■ **Problem description**:
Only the lines from the one containing "internet sale site." through the last line of the data below belong in your answer, copied exactly and without pictures.

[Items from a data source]
□ □ □
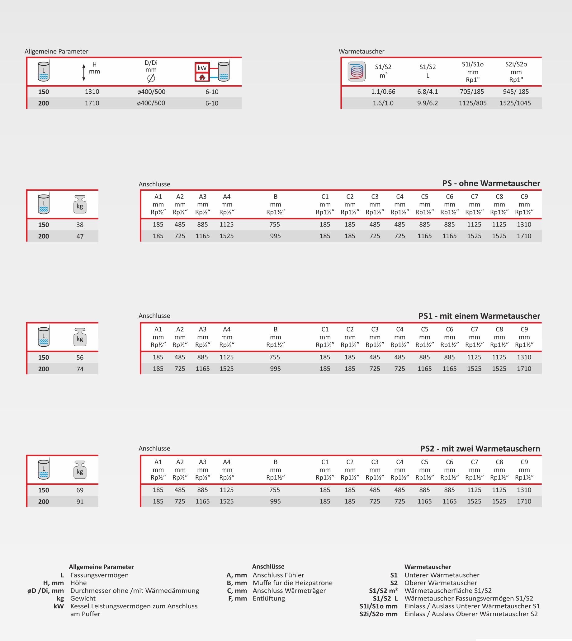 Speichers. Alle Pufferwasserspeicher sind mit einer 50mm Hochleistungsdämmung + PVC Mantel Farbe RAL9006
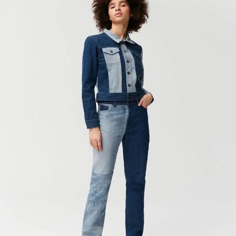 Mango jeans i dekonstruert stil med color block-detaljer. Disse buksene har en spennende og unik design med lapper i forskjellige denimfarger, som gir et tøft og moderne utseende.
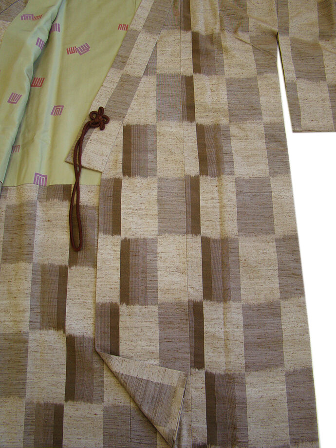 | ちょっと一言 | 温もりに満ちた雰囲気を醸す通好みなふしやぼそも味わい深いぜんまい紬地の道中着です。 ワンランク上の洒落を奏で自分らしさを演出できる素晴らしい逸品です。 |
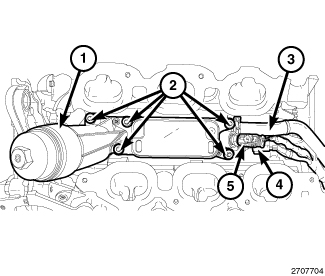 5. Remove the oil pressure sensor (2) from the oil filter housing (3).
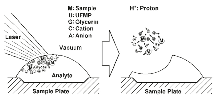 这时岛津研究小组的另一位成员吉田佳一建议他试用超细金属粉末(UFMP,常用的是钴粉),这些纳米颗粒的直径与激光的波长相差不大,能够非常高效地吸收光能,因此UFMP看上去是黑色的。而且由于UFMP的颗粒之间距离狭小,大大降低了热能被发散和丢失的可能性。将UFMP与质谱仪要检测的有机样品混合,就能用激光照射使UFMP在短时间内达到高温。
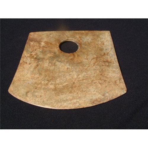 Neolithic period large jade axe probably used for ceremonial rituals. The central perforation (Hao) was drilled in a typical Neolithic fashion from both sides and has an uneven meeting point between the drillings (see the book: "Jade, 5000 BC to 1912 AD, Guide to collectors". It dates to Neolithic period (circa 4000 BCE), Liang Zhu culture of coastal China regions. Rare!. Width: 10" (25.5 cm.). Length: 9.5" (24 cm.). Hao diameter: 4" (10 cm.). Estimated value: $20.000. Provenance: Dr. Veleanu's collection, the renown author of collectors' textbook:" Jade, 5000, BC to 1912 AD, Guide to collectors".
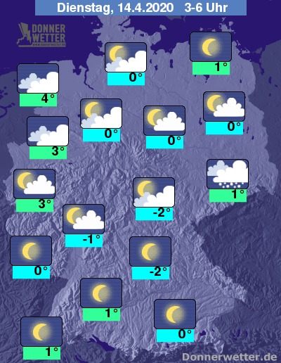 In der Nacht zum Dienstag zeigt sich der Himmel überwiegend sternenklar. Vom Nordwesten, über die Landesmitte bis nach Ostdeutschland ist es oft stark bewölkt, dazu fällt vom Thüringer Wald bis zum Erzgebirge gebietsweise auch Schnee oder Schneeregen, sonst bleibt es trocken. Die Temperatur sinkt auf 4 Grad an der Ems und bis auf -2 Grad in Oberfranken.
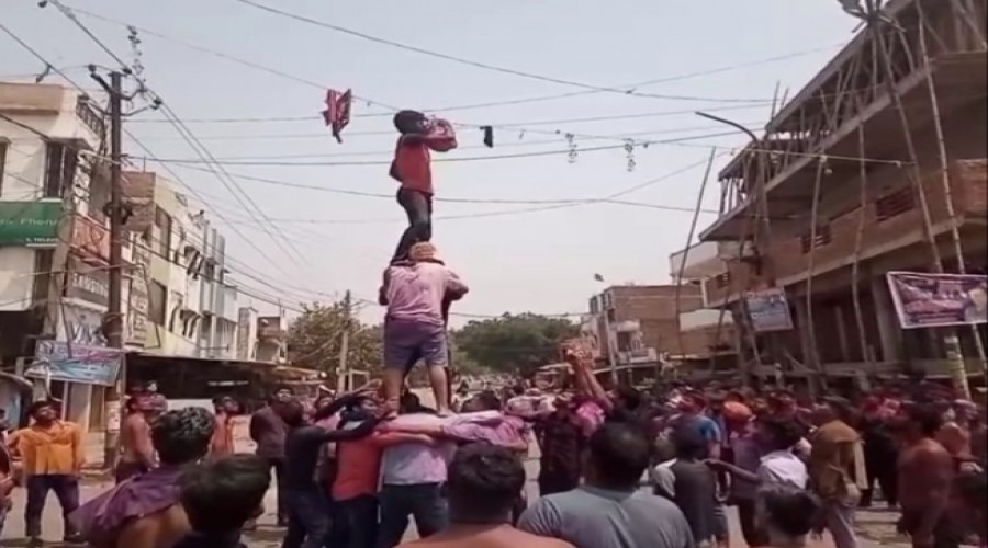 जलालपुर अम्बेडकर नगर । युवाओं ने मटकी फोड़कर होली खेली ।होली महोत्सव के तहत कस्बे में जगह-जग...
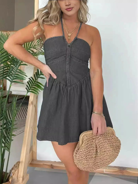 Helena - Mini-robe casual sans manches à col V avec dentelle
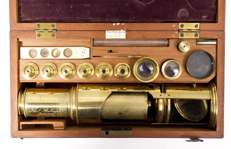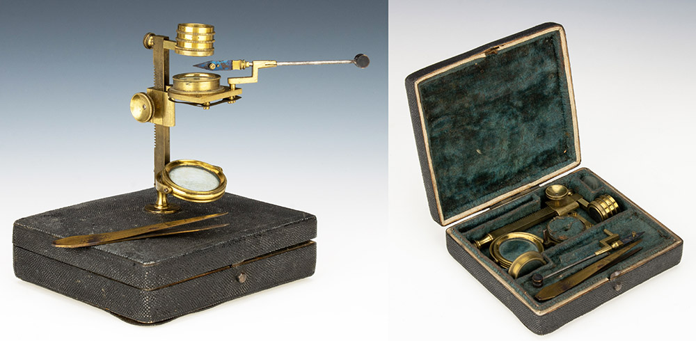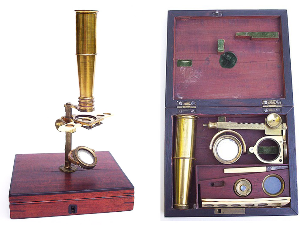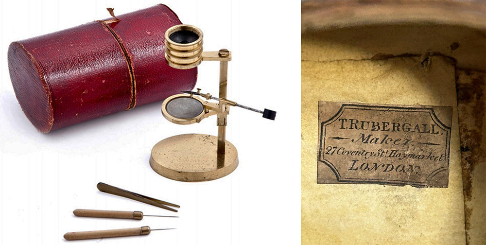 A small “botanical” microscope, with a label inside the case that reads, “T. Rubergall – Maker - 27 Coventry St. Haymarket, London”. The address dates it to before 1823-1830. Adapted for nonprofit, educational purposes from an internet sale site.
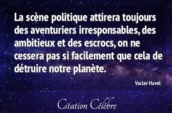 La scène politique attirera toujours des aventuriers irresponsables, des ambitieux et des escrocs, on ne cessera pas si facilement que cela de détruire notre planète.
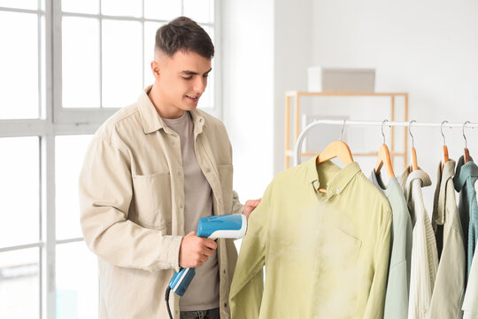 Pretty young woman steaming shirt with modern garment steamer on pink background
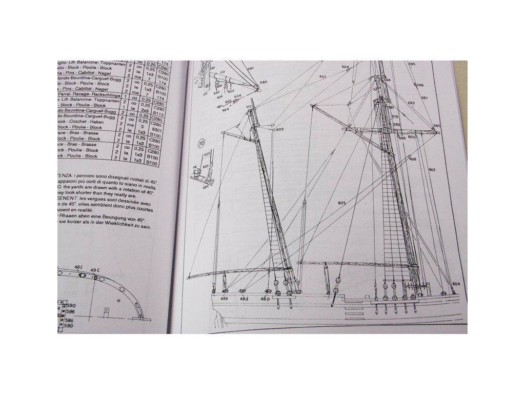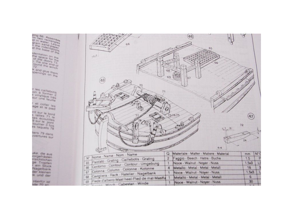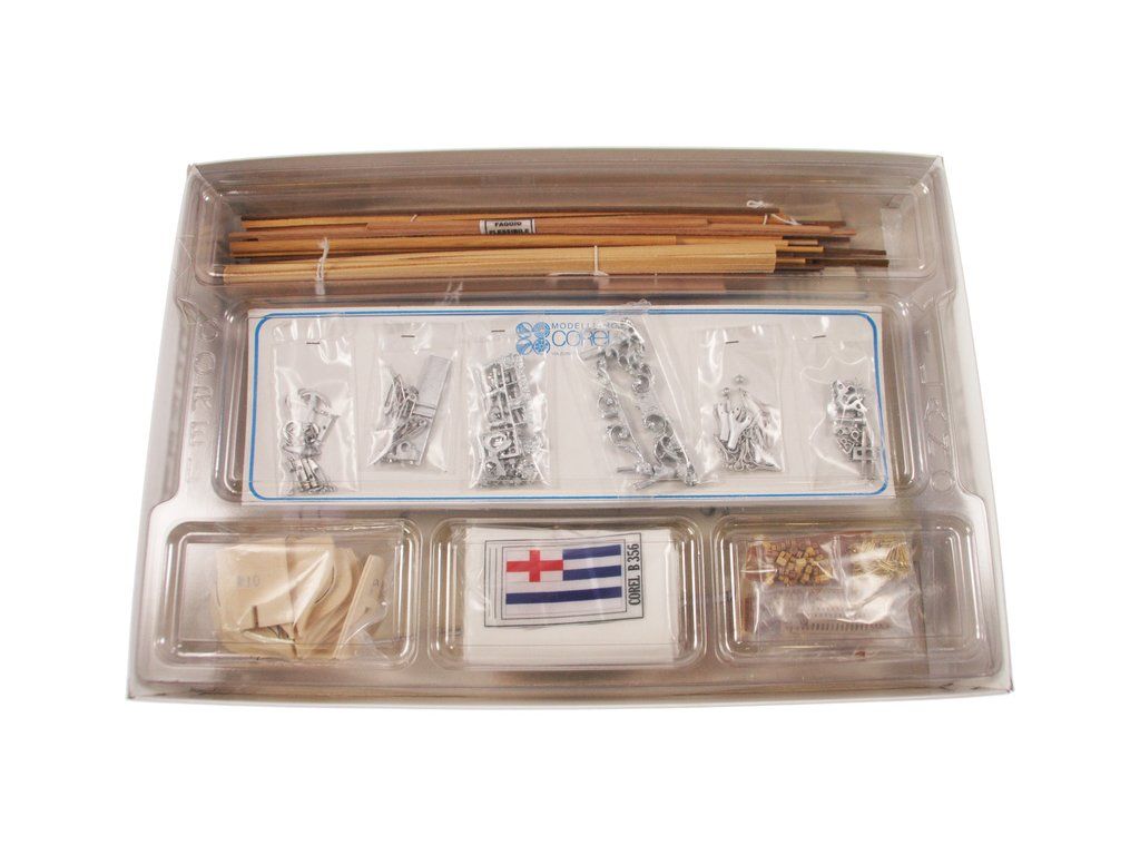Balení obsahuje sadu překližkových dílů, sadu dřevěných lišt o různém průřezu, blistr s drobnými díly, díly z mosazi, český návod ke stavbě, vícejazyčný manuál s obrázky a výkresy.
□ □ □
■ **Exercise answer**:
 A small “botanical” microscope, with a label inside the case that reads, “T. Rubergall – Maker - 27 Coventry St. Haymarket, London”. The address dates it to before 1823-1830. Adapted for nonprofit, educational purposes from an internet sale site.
 La scène politique attirera toujours des aventuriers irresponsables, des ambitieux et des escrocs, on ne cessera pas si facilement que cela de détruire notre planète.
 Pretty young woman steaming shirt with modern garment steamer on pink background
Balení obsahuje sadu překližkových dílů, sadu dřevěných lišt o různém průřezu, blistr s drobnými díly, díly z mosazi, český návod ke stavbě, vícejazyčný manuál s obrázky a výkresy.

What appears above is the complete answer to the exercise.